Hai capito? Stiamo parlando di 3 secondi. Non è di certo questa la misura perfetta, il punto di riferimento unico per ogni risorsa. Ma è vero che le persone sul web non hanno voglia di perdere tempo, non sono disposte ad aspettare ere bibliche per ricevere l’informazione necessaria a soddisfare una necessità.

Merito o colpa dei telefonini, questo è vero. Se vai sull’account di Google Analytics puoi dare uno sguardo alla sezione dedicata all’audience e ammirare la percentuale di persone che arriva sul tuo sito web attraverso dispositivo mobile. Nella maggior parte dei casi ci sarà un buon equilibrio con il desktop.

Spesso la lancetta va verso gli smartphone e i tablet. In un mondo in cui Google propone il mobile first index e la velocità di caricamento come fattore di ranking, ragionare in modo da rispettare la regola dei 3 secondi per soddisfare in un attimo le esigenze vuol dire fare la differenza.

Da leggere: perché il tuo content marketing sta fallendo?

Inizia dall’ottimizzazione della serp

La regola dei 3 secondi può essere applicata, in primo luogo, nella serp di Google. Vale a dire che non è necessario entrare nella pagina web per comunicare al lettore cosa troverà, ci sono strade che ti danno la possibilità di ottimizzare all’infinito questo passaggio. Di cosa sto parlando? Ecco un esempio:

  • Ottimizza il tag title per le persone e per la SEO.
  • Usa la meta description per aumentare il CTR.
  • Lavora con i rich snippet per comunicare.
  • Monitora e conquista i featured snippet.

Ricorda, inoltre che molte query si muovono sulla ricerca vocale. Questo significa che devi lavorare su una buona SEO rivolta alla voice search. E questo significa predisporre delle pagine votare alle FAQ, con domande tipiche e risposte semplici ma concrete: questa è la risposta migliore in alcuni casi.
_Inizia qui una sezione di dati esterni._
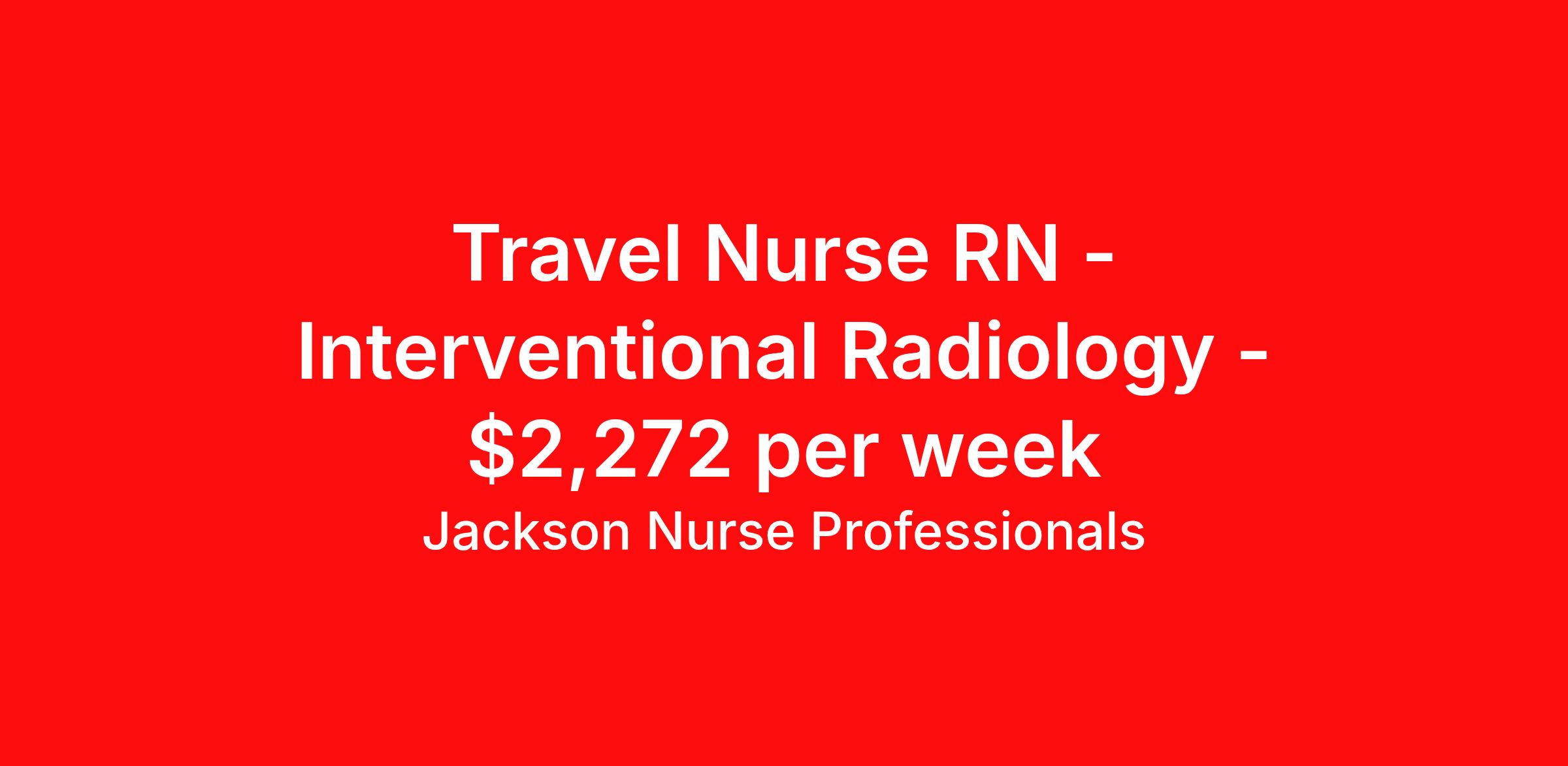 Jackson Nurse Professionals is seeking a travel nurse RN Interventional Radiology for a travel nursing job in Montgomery, Alabama. Job Description & Requirements Specialty: Interventional Radiology Discipline: RN Duration: 13 weeks 36 hours per week Shift: 12 hours, days Employment Type: Travel Seeking an IR RN with at least 2 years of recent experience for a 13 week contract assignment at a well known facility in Montgomery, AL. Total contract pay out: $29,536 About Jackson Nurse Professionals Filling critical needs in patient care, Jackson Nurse Professionals delivers cost-effective travel nurse staffing solutions to over 500 hospitals, outpatient clinics, and home health clients nationwide. Awarded Best of Staffing - Talent and Client 2024, and rated as a Top Workplace 2023 by the Orlando Sentinel, Jackson Nurse Professionals goes the extra mile to provide travel nurses the career they deserve, while providing clients with a large range of highly skilled nurses to fill short, long-term, and temporary assignments. As a member of Jackson Healthcare’s family of award-winning staffing companies, we’re part of a growing community that’s impacting 10 million patients nationwide. Join our mission to improve the delivery of patient care, and the lives of everyone we touch.

Punta sulla velocità di caricamento

Abbastanza scontata la presenza di questa voce in un articolo dedicato alla regola dei 3 secondi. In questo lasso di tempo devi fare in modo che le persone arrivino alla risorsa, non puoi mantenere le visite in un limbo di pagine bianche. In perenne caricamento. La velocità è tutto se vuoi vendere (ma non solo).

sito web veloce

3 secondi, questo è il tempo a disposizione.

Promuovere un ecommerce significa questo: fare in modo che le persone arrivino sulla pagina e non debbano aspettare una frazione di secondo in più. Lavora sodo con il tuo webmaster per ottimizzare i tempi di caricamento, usa immagini leggere e compresse, scegli un hosting di qualità, ottimizza il codice e se necessario vira verso la tecnologia AMP per caricare le pagine con una velocità impressionante.
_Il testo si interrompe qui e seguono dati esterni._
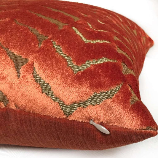(CLEARANCE) Robert Allen Magnetism Fire Opal Burnt Orange Italian Cut Velvet Pillow Cover

Togli quello che non serve

Un consiglio che funziona sempre per ottimizzare i tempi di caricamento e per non distrarre l’occhio alla ricerca del vero valore: più metti e maggiore sarà la distrazione, la dispersione dell’attenzione. Spesso l’idea di dover essere ricchi di risorse fa cadere il blogger o il webmaster in errore: comunica solo ciò che serve, togli paragrafi inutili, link superflui, immagini che non servono.
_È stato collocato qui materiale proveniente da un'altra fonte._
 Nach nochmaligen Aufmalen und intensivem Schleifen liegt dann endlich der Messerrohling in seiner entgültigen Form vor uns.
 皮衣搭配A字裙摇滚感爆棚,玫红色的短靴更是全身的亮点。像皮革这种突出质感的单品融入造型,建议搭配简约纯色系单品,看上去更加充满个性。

Non ti accontentare del responsive

Questo è importante. Ho già sottolineato quanto sia importante il mobile per il tuo sito web, se non altro perché c’è una buona fetta di visitatori che arriva da telefonino. E sai come si comporta il pubblico in questi casi? Occhio rapido, scansione della pagina, scrolling per vedere se c’è qualcosa che serve.

responsive

Come si vede il tuo sito web?

Ecco perché non ti devi accontentare del sito web responsive. Questa è la base di partenza, poi devi lavorare per ottimizzare il sito web per renderlo adatto alle necessità di un individuo sempre pronto a usare lo smartphone per navigare. Il sito di riferimento è search.google.com/mobile-friendly,

Questo è il test di Google per verificare la bontà del sito sui dispositivi. Poi c’è mobiletest.me per fare prove sui vari dispositivi, senza dimenticare il Browser Test della Microsoft. Se vuoi sfruttare i primi 3 secondi devi essere in grado di mostrare subito quello che serve. A tal proposito leggi i prossimi paragrafi.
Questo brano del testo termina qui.